Time to panic, Portland Timbers fans.
Yes, the Timbers were disjointed, and at times discombobulated, in the first hour or so of Sunday's 2-1 loss to the Los Angeles Galaxy in Carson, California.
And the Timbers could have lost 4-1 or 5-1 if L.A. had been awarded two deserved penalty kicks and finished a couple more of its several chances.
Sure, Portland struggled to transition from defense to offense in its 2018 MLS opener, especially in the first half, a problem that serves as a reminder of former Timber Darlington Nagbe's ability to dribble the team out of trouble.
So Giovani Savarese's debut as Timbers coach was unsatisfying. But it should be noted that Caleb Porter wasn't successful when Diego Chara did not play. In fact, Portland is now winless in the last 16 games that the spirited Colombian midfielder has missed (10 losses, 6 draws).
Winning soccer is about cohesion. Of course, individuals must make plays to create, score and prevent goals. But six weeks into the Savarese era, with a 19-year-old in Chara's shoes and a 23-year-old where Nagbe used to play, it's too soon to expect crisp soccer.
Consider, too, that the Galaxy are coming off the worst season in franchise history, then watched their new rival in Los Angeles win its first match (at Seattle, something Timbers fans could smile about on opening night). The Timbers' opponent was clearly motivated to get off on the right foot.
On the plus side, the Timbers played well in stretches — and made L.A. defend for much of the last half-hour.
It's going to take time to find out what this Portland team is. And opening the season with five road matches, the next four outside the Pacific time zone, is no recipe for quick success.
With seven games left in the regular season, Portland (40-20-1-4) has four more points than Spokane in the race for second in the Western Hockey League U.S. Division (and eight fewer points than Everett).
But do the Hawks want home ice in the first playoff round? Portland is 23-9-1-0 on the road this season.
The Hawks might be atop the division if they were better at Memorial Coliseum, where they have won seven of 19 games. One factor is a string of games they played while shorthanded.

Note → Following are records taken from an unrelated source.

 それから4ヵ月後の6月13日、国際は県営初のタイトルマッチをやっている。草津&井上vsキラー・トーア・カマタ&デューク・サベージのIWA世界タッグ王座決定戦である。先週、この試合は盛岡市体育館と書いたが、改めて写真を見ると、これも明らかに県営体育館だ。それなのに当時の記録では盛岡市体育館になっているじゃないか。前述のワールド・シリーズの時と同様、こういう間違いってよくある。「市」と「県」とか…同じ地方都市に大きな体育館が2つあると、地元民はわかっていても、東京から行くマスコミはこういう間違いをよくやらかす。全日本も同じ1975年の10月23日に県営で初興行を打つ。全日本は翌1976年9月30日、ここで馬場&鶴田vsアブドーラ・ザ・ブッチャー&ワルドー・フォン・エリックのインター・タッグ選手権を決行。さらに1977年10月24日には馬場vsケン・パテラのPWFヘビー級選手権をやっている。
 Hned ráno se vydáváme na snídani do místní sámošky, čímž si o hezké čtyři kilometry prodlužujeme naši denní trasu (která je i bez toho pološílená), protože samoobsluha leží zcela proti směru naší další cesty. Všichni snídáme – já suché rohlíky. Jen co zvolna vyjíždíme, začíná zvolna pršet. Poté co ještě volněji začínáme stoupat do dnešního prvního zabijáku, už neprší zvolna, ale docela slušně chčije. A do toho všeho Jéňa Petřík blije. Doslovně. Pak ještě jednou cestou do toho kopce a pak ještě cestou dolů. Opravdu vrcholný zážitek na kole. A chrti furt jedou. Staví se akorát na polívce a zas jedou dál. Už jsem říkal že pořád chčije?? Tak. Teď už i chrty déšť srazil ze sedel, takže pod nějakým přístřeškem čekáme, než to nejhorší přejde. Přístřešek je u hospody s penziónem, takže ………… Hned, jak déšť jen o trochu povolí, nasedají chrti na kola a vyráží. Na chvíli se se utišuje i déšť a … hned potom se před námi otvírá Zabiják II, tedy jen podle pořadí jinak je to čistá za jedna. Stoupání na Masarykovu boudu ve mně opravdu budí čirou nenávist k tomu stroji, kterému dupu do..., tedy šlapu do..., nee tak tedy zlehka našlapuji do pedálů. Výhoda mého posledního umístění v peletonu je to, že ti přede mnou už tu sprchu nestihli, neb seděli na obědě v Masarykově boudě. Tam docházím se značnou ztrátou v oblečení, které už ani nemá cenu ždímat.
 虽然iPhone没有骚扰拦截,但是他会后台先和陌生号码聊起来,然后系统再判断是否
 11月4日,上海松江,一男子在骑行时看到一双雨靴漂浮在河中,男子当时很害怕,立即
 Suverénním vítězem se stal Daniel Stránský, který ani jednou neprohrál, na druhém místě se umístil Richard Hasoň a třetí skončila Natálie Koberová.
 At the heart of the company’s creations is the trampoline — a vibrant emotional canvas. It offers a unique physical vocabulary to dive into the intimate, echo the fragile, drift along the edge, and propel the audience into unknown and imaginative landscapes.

But the weak record at the coliseum still is odd for a team that has won 10 of 13 games played next door at Moda Center.
Got your grandfather's mashie and niblick gathering dust in the attic? Ever wonder if those persimmon woods might be worth something?
This weekend is your chance to find out.
The Golf Antique Show, which has been around for 30 years, returns to Riverside Golf and Country Club. Various collectors will be on hand to appraise items, and possibly buy things that attract their interest. Other items will be for sale.

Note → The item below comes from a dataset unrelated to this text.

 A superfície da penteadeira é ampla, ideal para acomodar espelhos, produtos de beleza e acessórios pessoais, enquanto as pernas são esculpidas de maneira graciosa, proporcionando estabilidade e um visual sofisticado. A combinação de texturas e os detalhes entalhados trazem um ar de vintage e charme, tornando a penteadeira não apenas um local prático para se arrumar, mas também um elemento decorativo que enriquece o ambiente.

The public is invited. Admission is free.
"There'll be about 35 tables (with dealers) from Canada, California, Seattle and elsewhere," says Pat Sutton, the golf pro emeritus at Riverside who is one of the expert collectors. "We can tell you if something's worth 40 bucks or 800 bucks.
"A lot of golf pros and great amateurs come — it's just a blast."
Sutton remembers one lady who brought a handful of her grandfather's clubs and "three of them were really, really rare." She wound up selling them on the spot for about $2,500 total.
"We're always looking for old stuff, especially from Portland, which has a rich history going way back, including in the 1940s, when the PGA Championship and Ryder Cup were played here," Sutton says.
Dealers will set up their tables from 2-6 p.m. Friday, and the show runs from 9 a.m-6 p.m. Saturday and 9 a.m.-5 p.m. Sunday.